If you have source and target pointclouds where you know features in the target and you want to copy features to the source using the nearest target point(s) to each source point (which is basically what you are doing here, except you happen to know the points are lined up), then you can use our knn to do that.

ttsesm commented 3 years ago

@bottler thanks for the feedback. Briefly, what I would like achieve is to regress the features vector over some 3d points.

Imagine that I have multiple point clouds (eventually it might be possible to have also the reconstructed 3D mesh with vertices/faces/normals) of different size that are representing different room structures with their objects (i.e. beds, tables, chairs, etc). For each point I have the ground truth illuminance (as lux values), that is my features vector, and I also know which of these points correspond to light sources of the scene. So my data input are .csv files as a Nx5 array for each point cloud where each of the columns correspond to the label 0 or 1 if the point is a light source (for this I could also have the light intensity), the x, y , z coordinates of the point and the lux values respectively.
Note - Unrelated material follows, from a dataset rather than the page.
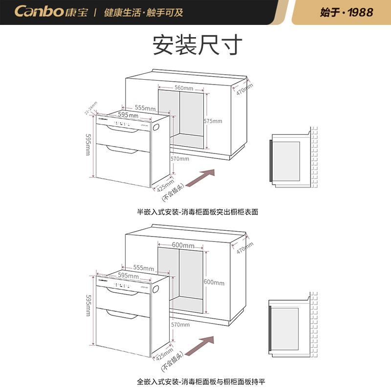 Cambo XDR80-E4E Sterilization Cabinet Embedded Home Kitchen Small Inset Sterilised Cupboard Two Stars High Temperature-Taobao

So now I wanted to experiment and see if it is possible to learn to estimate the lux, "energy", values for a given pointcloud (as a regression output). Moreover, possibly I would need to somehow include the information about the light sources. Not sure what the most efficient way to do this would be. One way would be to just include an extra feature for each point in the point cloud that represents the intensity of light from that point ( 0 for all but the light source points). So I would have a Nx5 input and get and regress my pointwise energy as output predictions.
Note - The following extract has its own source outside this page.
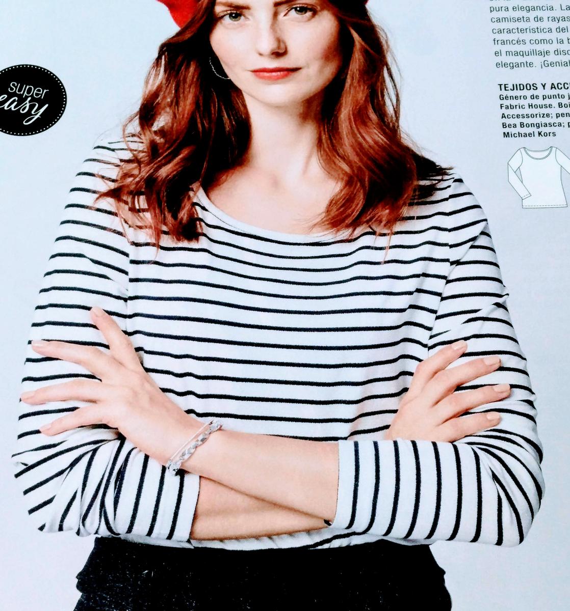 El siguiente modelo que os voy a enseñar es una camiseta super fácil de hacer en tela de punto bielástico y que queda estupenda, como podéis ver en la reseña que publicó Moda en la Costura hace unas semanas .

Initially I was thinking that I could do that we Pytorch3d but as I see it now it seems that this is not possible since it does not provide any model where I could be doing such a regression. Thus, I would need to create a new model or modify an existing one for that purpose I guess.

gkioxari commented 3 years ago

Hi @ttsesm Your issue here doesn't seem to be related to a PyTorch3D bug or concrete issue with the library. It's great that @bottler has helped you out with your questions but please note that we are not here to offer consultation for people's projects. It's quite unfortunate but we simply don't have the bandwidth to guide users how to do their research or project. So unless you have a concrete bug to report, I will be closing this issue.